Data Formats¶

This page describes the file formats consumed by fastdpplot.

Binary matrix (`.bin`)¶

What is it?¶

A .bin file is a flat, row-major, little-endian binary array of numeric values representing a dynamic-programming or scoring matrix.

Each element at position (row, col) corresponds to the alignment score (or match indicator) between query residue row and subject residue col.

File size formula¶

file_size = rows × cols × element_size_in_bytes

where rows = query_length and cols = subject_length.

Supported element types¶

`--dtype` flag	C type	Bytes	Notes
`u8`	`uint8_t`	1	Counts or presence/absence (0–255).
`i16`	`int16_t`	2	Signed 16-bit alignment scores.
`i32`	`int32_t`	4	Signed 32-bit alignment scores.
`f32`	`float`	4	Single-precision floating-point scores.
`f64`	`double`	8	Double-precision floating-point scores.
`auto`	—	—	Inferred from file size (tries U8→I16→I32→F32→F64).

Dtype inference order

When --dtype auto is used, fastdpplot tries dtypes in the order u8 → i16 → i32 → f32 → f64 and picks the first match. If rows × cols is divisible by multiple element sizes, the smallest matching dtype is chosen. Pass --dtype explicitly to avoid ambiguity.

Endianness

fastdpplot always reads multi-byte types as little-endian. If your tool writes big-endian matrices (uncommon on x86/ARM), you must byte-swap the file before loading.
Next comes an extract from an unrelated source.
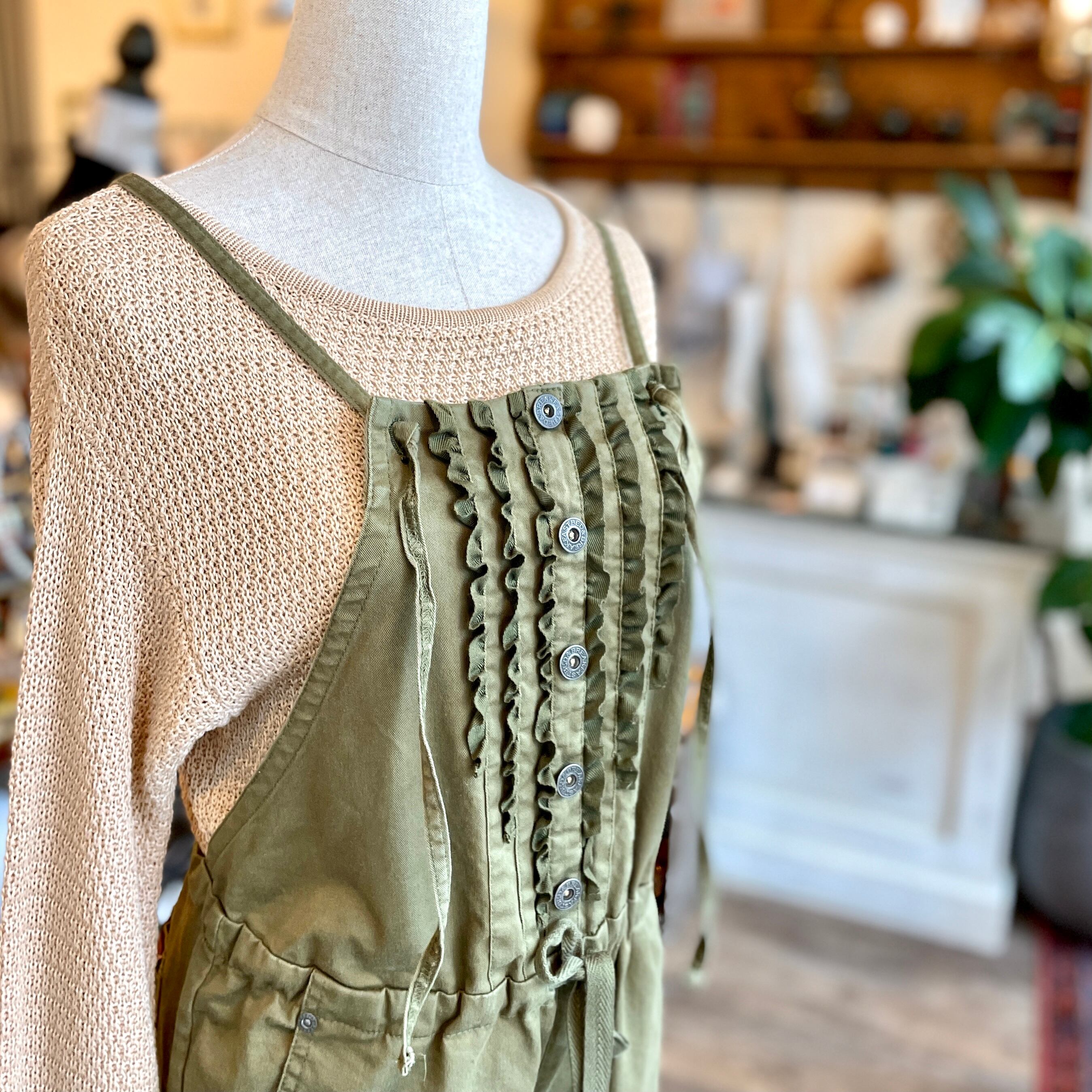 [コーデ買い] で【 30%OFF! 】2点 古着 カーキフリル付きサロペット + le vent soufflé 長袖ニット<ベージュ>

Generating a `.bin` file (Python example)¶

import numpy as np

# Create a random u8 matrix (query_len × subject_len)
matrix = np.random.randint(0, 256, (query_len, subject_len), dtype=np.uint8)
matrix.tofile("data/dp_matrix.bin")

# Float32 matrix
matrix = np.zeros((query_len, subject_len), dtype=np.float32)
# … fill in your DP scores …
matrix.tofile("data/dp_matrix.bin")  # numpy uses native byte order; ensure little-endian

Numpy byte order

On little-endian systems (x86, ARM) np.tofile writes little-endian by default. On big-endian systems, convert first:

matrix.astype(matrix.dtype.newbyteorder('<')).tofile("data/dp_matrix.bin")

Value normalisation¶

After loading, fastdpplot applies min-max normalisation:

normalised = (value - min) / (max - min)

All rendered dot values are therefore in [0, 1] regardless of the original dtype. The --threshold flag filters out points below a normalised value.

FASTA files (`.fasta` / `.fa`)¶

fastdpplot uses the FASTA files only to:

Read the sequence length (to validate matrix dimensions).
Derive axis labels from the sequence ID and description.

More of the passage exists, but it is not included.